Having established that all distributions are taxable, there is then a series of exemptions from that tax. If an exemption is met, no tax is payable on those dividends. That is very straightforward. Where the problem arises is that in some cases there is a difference in treatment between distributions and dividends. The titles of the five exempt classes demonstrate that. There are three related distributions, which relate to controlled companies, non-redeemable ordinary shares and portfolio holdings, but also limited dividends from transactions not designed to reduce tax and dividends in respect of shares accounted for as liabilities.
The issue stems from the exclusion, in new section 930A(2), of a distribution of a capital nature. The feedback I have received is that the principles for that exclusion are relatively untested. To determine whether a distribution is of a capital nature, they would have to be tested against some very unclear case law. There are certainly some cases where distributions that were previously exempt will no longer be so under the new provisions and that will increase uncertainty in some fairly common transactions. Amendment 43 says that all distributions currently falling under section 209 of the Income and Corporation Taxes Act 1988 should continue to be exempt, so that there is a continuity of treatment between the old regime and the current regime.

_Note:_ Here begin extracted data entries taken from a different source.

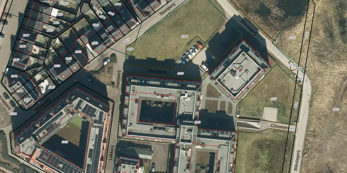 Het perceel waarop Chromerij 88 staat heeft een oppervlakte van 4859 m². Dit is een zeer groot perceel. De perceeloppervlakte wordt geregistreerd door het Kadaster. Gedetailleerde informatie over de maten van dit perceel kunt u vinden in het rapport Kadastrale kaart met maatvoering van Chromerij 88.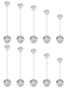 Rcsinxcto 14G クリア へそリング ピアス ジュエリー 14ゲージ バイオフレックス プラスチック アクリル 妊娠 ロング へそリング へそリング カーブ バーベル ピアス ジュエリー 女性用 リテーナー 10mm-38mm バー, プラスチック, キュービックジルコニア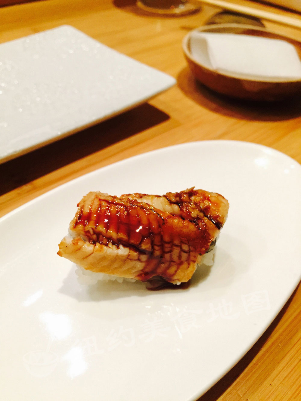烤星鳗!现烤,有一块就是破了一点皮,师傅竟然扔掉了。。然后跟我们道歉说要再等一会儿重新烤。。师傅你手太快了。。。仨吃货都很为那块破掉的鳗鱼惋惜。鳗鱼烤的很扎实,完整度非常好,很妙的是特调的SAUCE一点也不像一般的照烧SAUCE那么甜腻,浓香后味微甜,不会盖掉星鳗本身的甜度,赞!

Amendment 48, which I have also tabled in this group, deals with a small companies exemption. Schedule 14 provides for two regimes: one for small companies and one for medium and large companies. Schedule 14 provides a definition of a small company in new section 930R. However, it creates a degree of uncertainty as to whether a small company is a small company in the year of the dividend accounting period. My amendment seeks to create some certainty by referring back to the accounts of the previous accounting period to determine whether a small company is a small company. Rather than the uncertainty of new section 930R inserted by the schedule, which looks at the current accounting period, amendment 48 refers to the previous accounting period to give the taxpayer greater certainty.